* _INFORMATION SUPPLIED_:

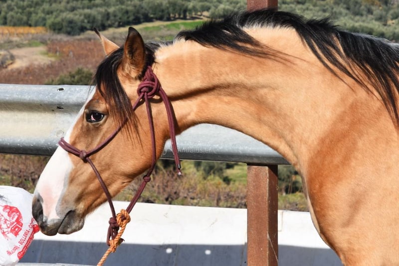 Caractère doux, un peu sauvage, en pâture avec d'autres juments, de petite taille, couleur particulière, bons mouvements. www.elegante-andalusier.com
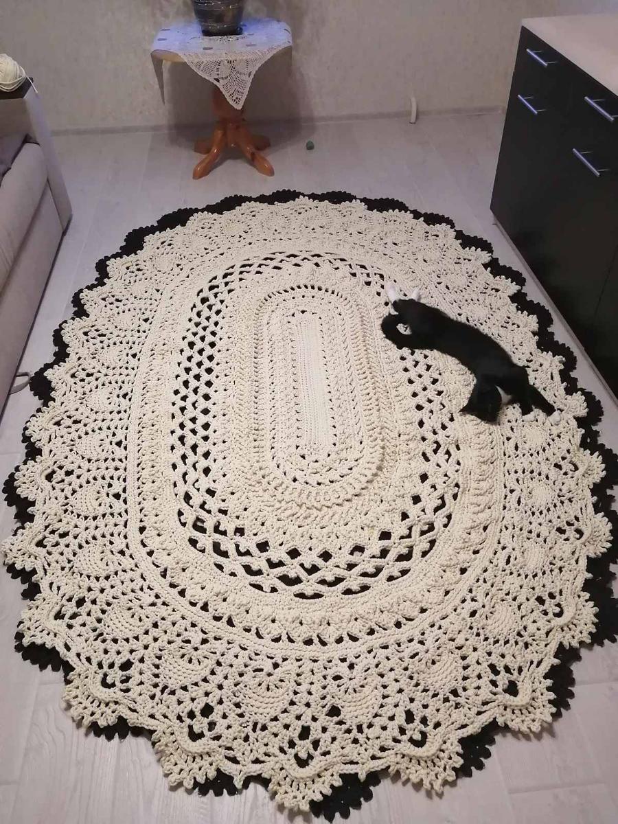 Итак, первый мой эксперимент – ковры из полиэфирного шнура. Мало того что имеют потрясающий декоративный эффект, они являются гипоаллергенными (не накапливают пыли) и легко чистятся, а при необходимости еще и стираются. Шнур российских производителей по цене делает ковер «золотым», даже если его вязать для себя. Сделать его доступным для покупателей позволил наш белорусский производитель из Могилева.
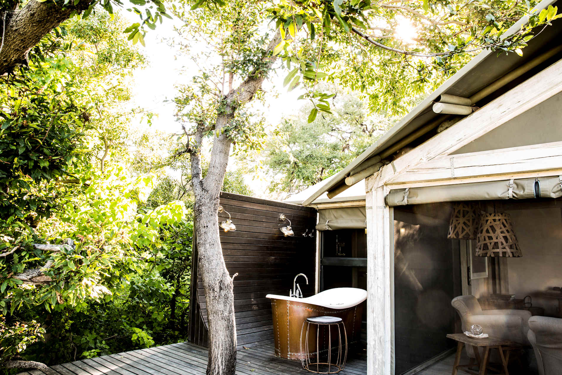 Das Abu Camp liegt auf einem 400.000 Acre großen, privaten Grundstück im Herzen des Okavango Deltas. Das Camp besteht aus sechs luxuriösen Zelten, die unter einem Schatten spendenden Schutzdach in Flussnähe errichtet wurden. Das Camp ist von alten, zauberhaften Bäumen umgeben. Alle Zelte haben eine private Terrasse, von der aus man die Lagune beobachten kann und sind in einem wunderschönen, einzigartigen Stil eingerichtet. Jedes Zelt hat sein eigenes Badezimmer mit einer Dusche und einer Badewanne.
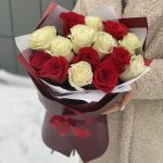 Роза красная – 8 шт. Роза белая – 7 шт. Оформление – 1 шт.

* _WORK INSTRUCTIONS_: Pictures aside, write out verbatim every line from the first line of the material through the line holding "Итак, первый мой".

* _EXPECTED ANSWER_:
 Caractère doux, un peu sauvage, en pâture avec d'autres juments, de petite taille, couleur particulière, bons mouvements. www.elegante-andalusier.com
 Итак, первый мой эксперимент – ковры из полиэфирного шнура. Мало того что имеют потрясающий декоративный эффект, они являются гипоаллергенными (не накапливают пыли) и легко чистятся, а при необходимости еще и стираются. Шнур российских производителей по цене делает ковер «золотым», даже если его вязать для себя. Сделать его доступным для покупателей позволил наш белорусский производитель из Могилева.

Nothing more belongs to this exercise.